The Oshkosh All-Stars were an American professional basketball team based in Oshkosh, Wisconsin. Founded in 1929 by Lonnie Darling, the team was a member of the National Basketball League, a forerunner to the NBA, from 1937 until 1949.

History 
The team began as a barnstorming team, playing loosely structured games against other Wisconsin-based teams. It did not belong to a league.

Sports editor of the Oshkosh Daily Northwestern, Arthur Heywood, thought Oshkosh should have a professional basketball team to give people something to talk about over the winter months. Heywood took the idea to Lonnie Darling, a seed distributor and salesman for the G. H. Hunkel Co. Although Darling had never played a game of basketball in his life, he agreed and recruited 30 talented local players to try out.

The team had no set roster, and players could switch allegiances from night to night.  Players could make from $15 to $25 per game and played almost every day of the week.  The All-Stars played their games at the Recreation Gym to crowds of 800 to 1,200 people.

The rules of the game made it impossible for high scoring. After every basket, the ball went back to mid-court for a center jump, and the clock continued non-stop. Fans wanted to see action, so the officials let players scramble and hit each other without much interference.  Fan involvement was direct; when a questionable call was made or an opposing player made a nasty move, fans would storm onto the court in an angry mob. In this time, there were designated shooters so that the same player would shoot for every free throw.

National Basketball League 
The all-white Oshkosh All-Stars played the all-black New York Renaissance Big Five (Rens) for the first time in February 1936 in a two-game series. The series drew such a large crowd that team manager Darling decided to play the Rens again in 1937 in a five-game series. The games were held in Oshkosh, Racine, Green Bay, Ripon, and Madison, Wisconsin. Darling declared that the winner of the series would be considered the world's champions of basketball.

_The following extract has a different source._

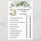 Greenery Eucalyptus Matcha He said, She said Bridal Shower Game. Change text to the design. For additional changes (font color, font style, move elements), click on personalize, scroll down, and click on the link "Edit using Design Tool" / "Customize with Design Editor".** Please see the full collection for matching invitation, bridal shower games, tags, and sign available*
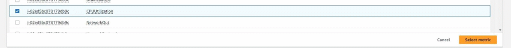 Select metric → EC2 → Per-Instance Metrics → CPU Utilization

The All-Stars lost the series, three games to two, but Robert Douglas, the Ren's owner, agreed to playing an additional two-game series that would extend the "World series" to seven games. If the All-Stars won those two games, they would be considered the world's basketball champions, winning four games to three. The All-Stars defeated the Rens in both games. The following season the NBL added Oshkosh as a founding member.

The team was a part of the NBL for 12 years, starting in 1937 and ending in 1949. During this time, the All-Stars made it to the playoffs 11 of the 12 years, appeared in the NBL championship five consecutive years (1938–1942), and won the NBL Championship twice, in 1941 and 1942.  The All-Stars also won the 1942 World Professional Basketball Tournament over the Detroit Eagles in Chicago. By the late 1940s, after a few unsuccessful seasons, the All-Stars were still a winning team, and Oshkosh was widely known as a "basketball city".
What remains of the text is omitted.